前m大的数

Description:
还记得Gardon给小希布置的那个作业么?(上次比赛的1005)其实小希已经找回了原来的那张数表,现在她想确认一下她的答案是否正确,但是整个的答案是很庞大的表,小希只想让你把答案中最大的M个数告诉她就可以了。
给定一个包含N(N<=3000)个正整数的序列,每个数不超过5000,对它们两两相加得到的N*(N-1)/2个和,求出其中前M大的数(M<=1000)并按从大到小的顺序排列。
Input

输入可能包含多组数据,其中每组数据包括两行:
第一行两个数N和M,
第二行N个数,表示该序列。

Output

对于输入的每组数据,输出M个数,表示结果。

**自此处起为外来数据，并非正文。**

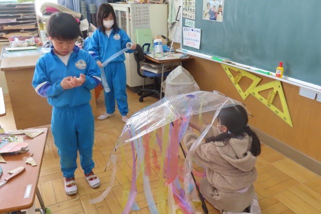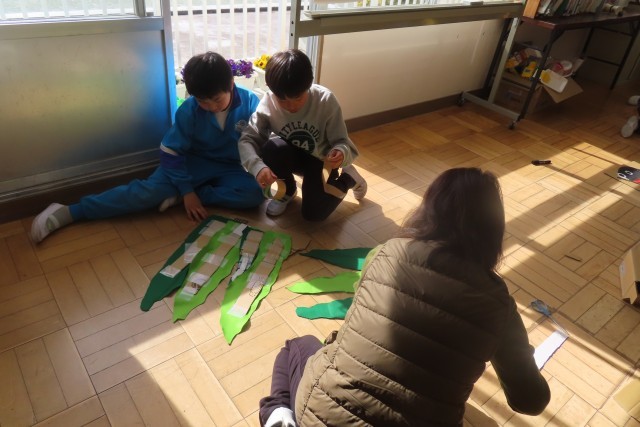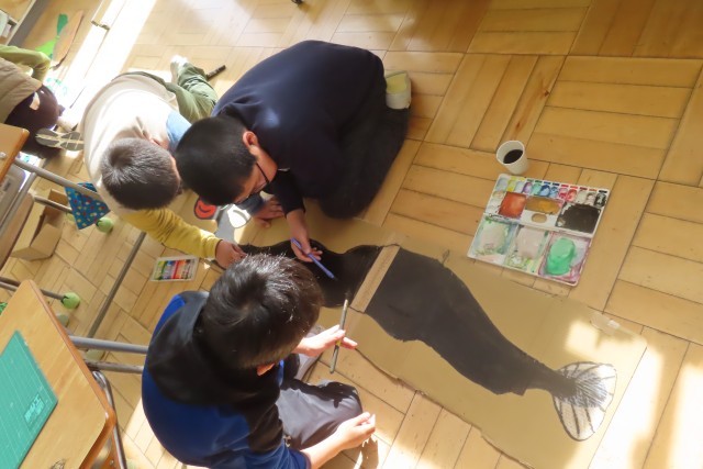 20日(金)の学習発表会で表現したいことを飾る美術品!を一生けんめい作っています。2年生と3年生がみんなで協力しながら作り、とても上手です。発表するセリフを頭に浮かべながら世界を作り上げています。本当に本番がとても楽しみです!

输出应当按照从大到小的顺序排列。

Sample Input

4 4
1 2 3 4
4 5
5 3 6 4

Sample Output

7 6 5 5
11 10 9 9 8

Problem solving:
I have nothing to say about this *** problem,just do it without thinking.

Code:

#include<cstdio>
#include<iostream>
#include<algorithm>
using namespace std;
const int maxn=1e7;
int a[maxn],b[4000];
int main()
{
    int n,m;
    while(~scanf("%d %d",&n,&m))
    {
        int k=0;
        for(int i=0;i<n;i++)
            scanf("%d",&b[i]);
        for(int i=0;i<n-1;i++)
        {
            for(int j=i+1;j<n;j++)
            {
                a[k]=b[i]+b[j];
                k++;
            }
        }
        sort(a,a+k);
        for(int i=k-1;i>0;i--)
        {
            if(m==0)    break;
            if(i==k-1)    cout<<a[i];
            else    cout<<" "<<a[i];
            m--;
        }
        puts("");
    }
}

稳定排序

Description:
大家都知道,快速排序是不稳定的排序方法。
如果对于数组中出现的任意a[i],aj,其中a[i]==a[j],在进行排序以后a[i]一定出现在a[j]之前,则认为该排序是稳定的。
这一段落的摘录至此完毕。